Where is the Mediastinum?

mediastinum It is not a very well known term. But when it is said as the tissue called sleepiness in animals, it comes to everyone’s mind as the area behind the breastbone. Mediastinum is the general name of the space between the two lungs in the thoracic cavity.

Within this space are the heart, great vessels, trachea, esophagus, some nerve pathways, lymph nodes, adipose tissue and the thymus gland, popularly known as sleepiness.

What are the most common mediastinal tumors?

Tumors arising directly from mediastinal tissues are rare. The most common tumors are the conditions that occur when lung cancer spreads to the lymph nodes. For example, small cell lung cancer most commonly spreads to the mediastinal lymph nodes. In addition, squamous (squamous) cell cancer may spread to the mediastinal lymph nodes. Apart from that, lymphomas (lymph cancers) are the most common tumors in the middle mediastinum. When we move to the posterior region, tumors originating from the nerve chain are seen. They are generally benign (benign) in character. The most common type is ganglioneuromas.

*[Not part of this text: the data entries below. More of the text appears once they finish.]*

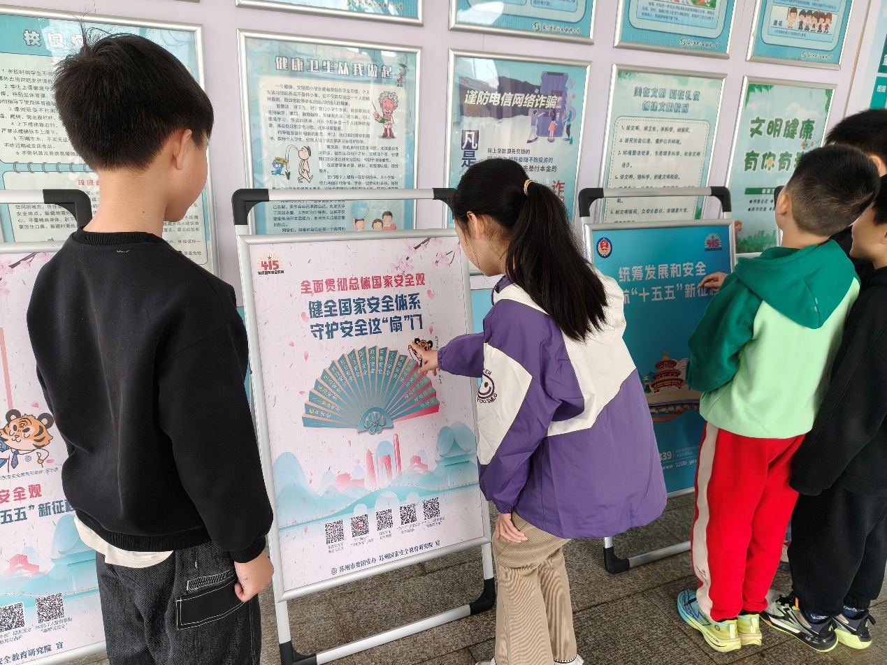 国旗下讲话结束后,学校组织各年级学生分批次参观了国家安全教育主题展板。展板内容涵盖了总体国家安全观各个方面,包括政治安全、经济安全、文化安全、网络安全、生态安全等,图文并茂、重点突出。通过这次活动,大家第一次系统地了解到国家安全涉及的广泛领域,也明白了自己作为小小公民,也能为维护国家安全贡献一份力量。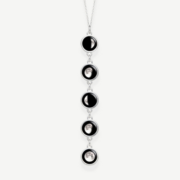 Instant glamour. Feel the energetic effects five of moons that tell your personal story with the uniquely beautiful Five Moon Necklace in Silver.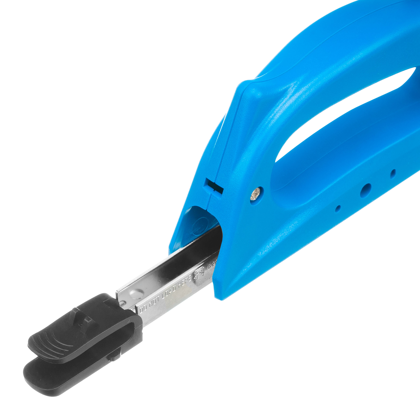 - Безопасное хранение и транспортировка — ручка фиксируется в нерабочем положении, что исключает случайное срабатывание степлера.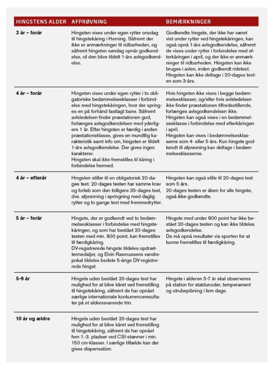 Grunden til ændringen er, at Avlsledelsen for springning finder, at det for 3-års hingstenes vedkommende, er et tidligt tidspunkt at vurdere hingstenes springevner under rytter. Derfor bliver springhingstene nu indsynet til deres test som 4-års. De skal heller ikke gå en 35-dages test som tidligere, men en 20-dages test med samme indhold og krav til ridbarhed og kvalitet.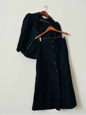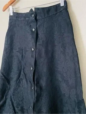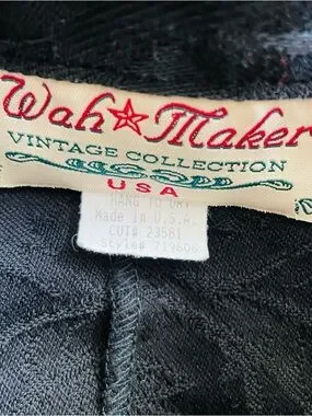 Vintage vtg Wahmaker Victorian style button jacket and midi skirt in black burnt floral print. Made in USA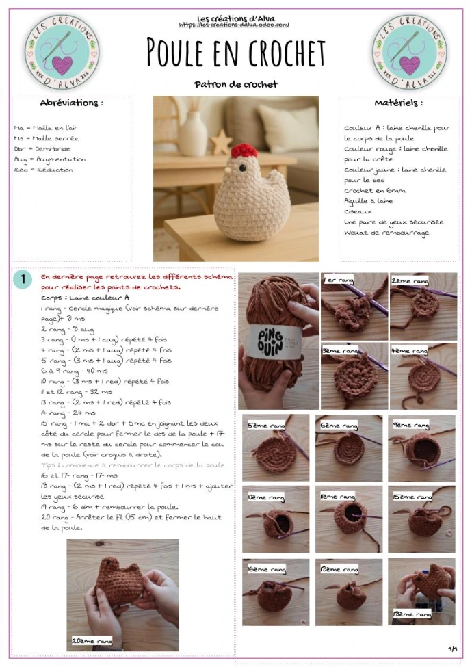 Voici un PDF complet pour apprendre à crocheter une poule.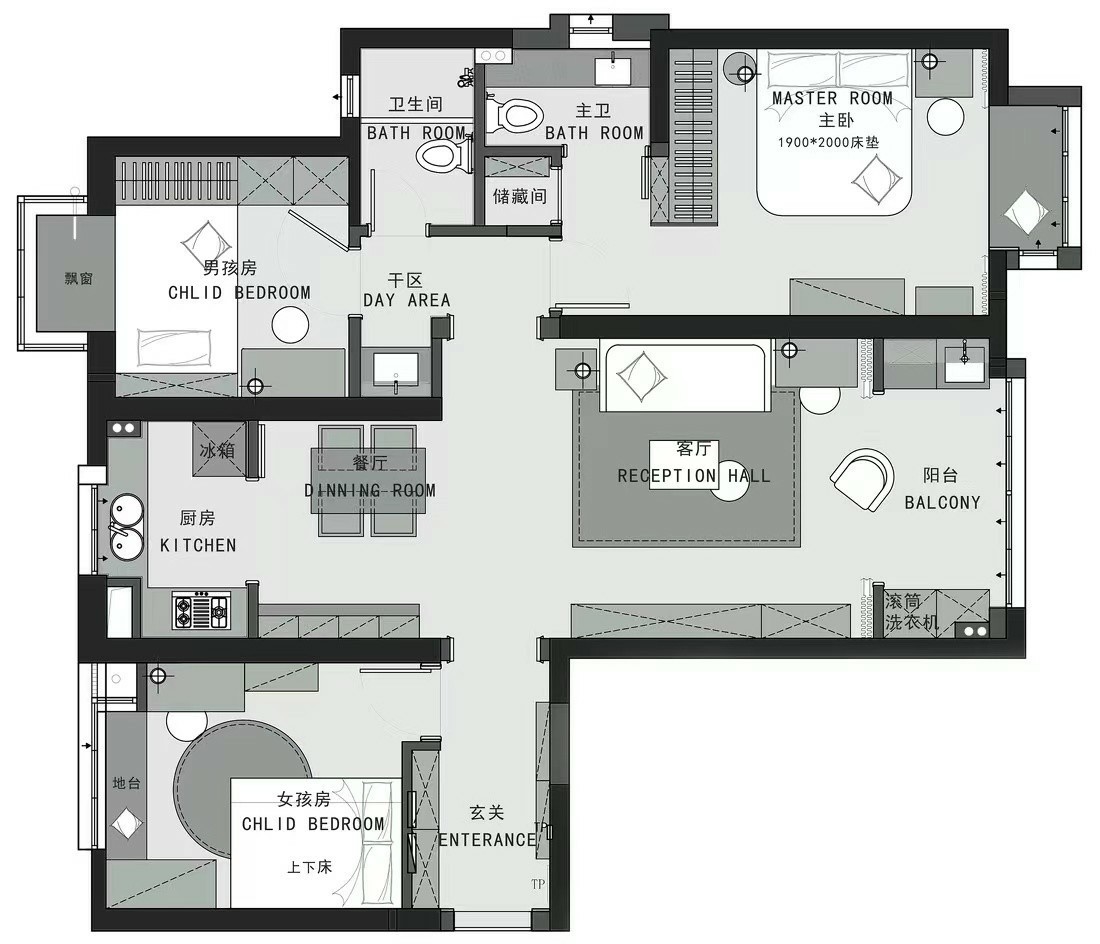 整个户型是一个长达11米,开间4米2的特长客餐厅空间,而且中间顶面无梁结构。层高3070是***亮点,也成了一个难点。
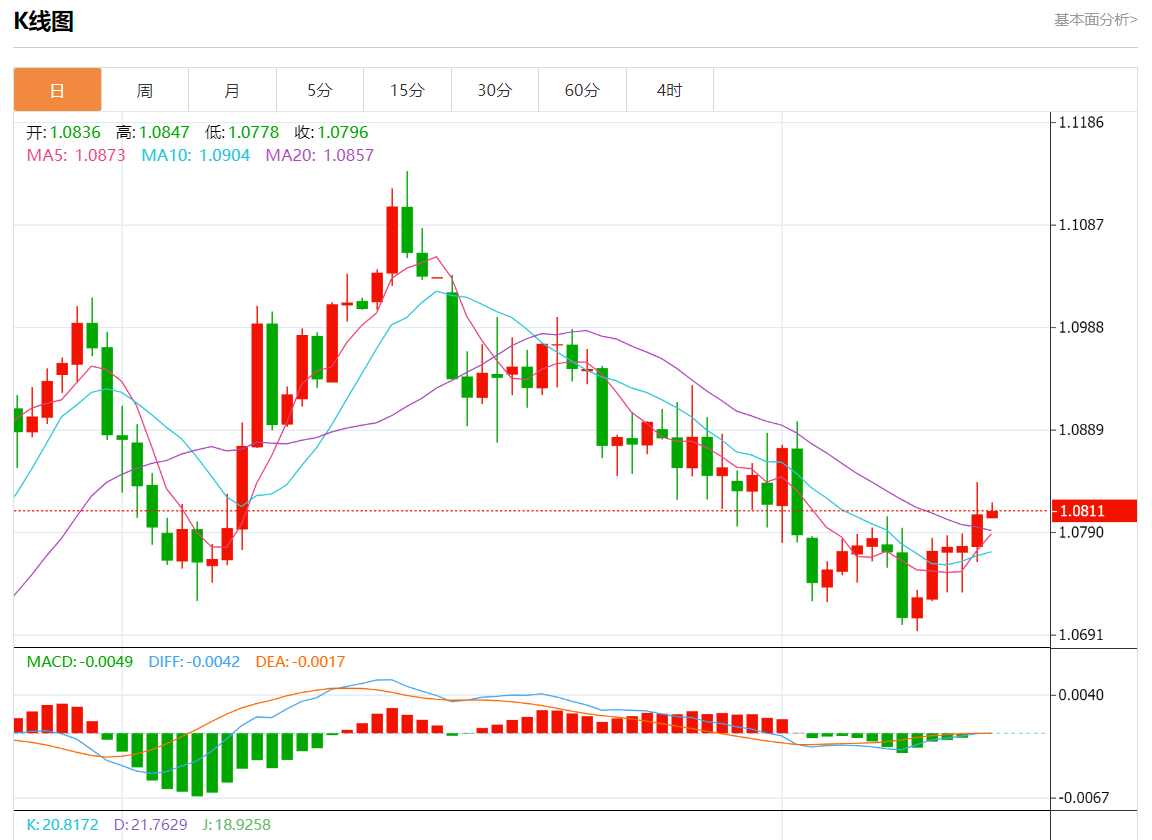 周三欧市盘中,欧元/美元最新报1.0812,日图涨0.04%.
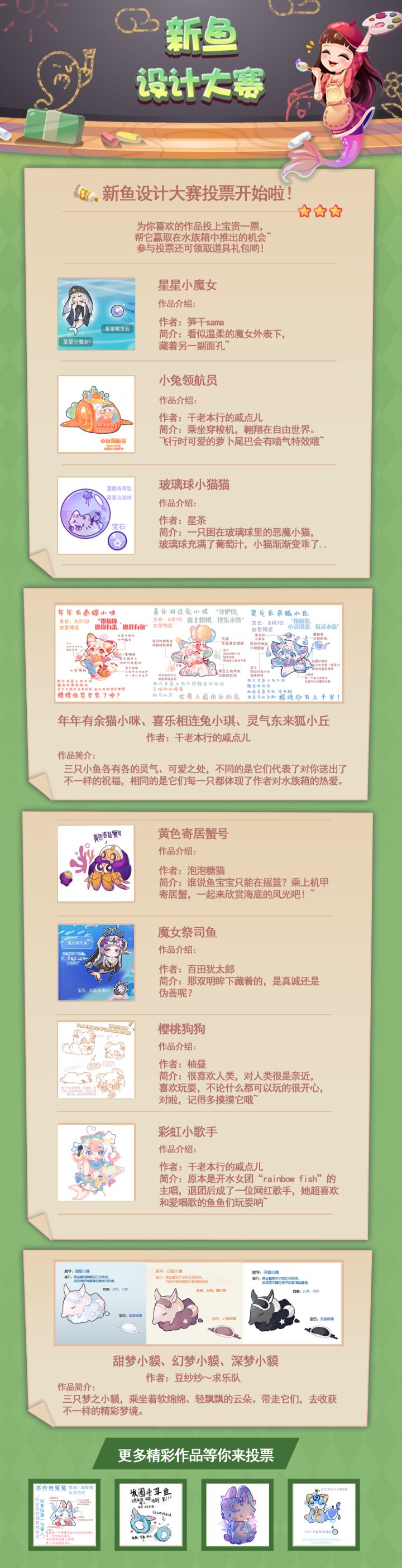 参与方式点击鱼缸左上方的<精彩活动>点击活动页中的<新鱼设计大赛>进入活动,选择右侧投稿入口进行投票,参与即可领取道具礼包~

When we come to the front, thymomas (thymus tumors) are common.

In addition, problems that arise in the progression of cells during the development of the baby may manifest themselves as tumors in later life, such as germ cell tumors in young men or teratomas in women.

What complaints do these patients present with?

Small tumors are often found incidentally. Lung cancers or when other mediastinal tumors enlarge and press on large vessels, a picture that we call superior vena cava syndrome, swelling of the face and neck, and prominent veins may occur. Patients with lymphoma often experience weakness, weight loss, fever and night sweats. Nerve-derived tumors, which we call neurogenic tumors, usually do not show any symptoms until they become very large. Thymomas and other tumors located in the anterior mediastinum do not give much indication unless they reach very large sizes.

What tests are done?

The disease is usually noticed on chest X-ray and a contrast-enhanced computed tomography (CT) of the thorax is performed immediately. Then, in some cases, magnetic resonance (MR) is performed to clearly reveal the vessel extension. In germ cell tumors located in the anterior region, beta-HCG and alpha-fetoprotein tests are performed from the blood to determine the origin of the tumor.

How is it diagnosed?

In lung cancers extending to the mediastinum, it is usually bronchoscopy (examination of the inside of the trachea with a lighted tube) and endobronchial ultrasonography (ultrasound analysis through the trachea) and the result is obtained. Tumors in the anterior region can be diagnosed by tomography-guided thick needle (trucut) biopsy. In cases where it cannot be placed, the result is obtained by taking a piece with the closed chest surgery method called VATS.

How is the Treatment in Mediastinal Tumors?

Treatments vary according to the type of tumor. In lung cancers that have spread to the mediastinum or have spread to the lymph nodes, the treatment method is either preoperative (neoadjuvant) chemotherapy or only chemoradiotherapy. Thymomas are surgically removed if they are not very large and there is no vascular involvement. The same is true for teratomas and neurogenic (nerve origin) tumors. Sometimes nerve-derived tumors extend to the spinal cord and may need to be operated jointly with neurosurgery.

In germ cell tumors, chemotherapy and sometimes surgery are applied together, depending on the cell type.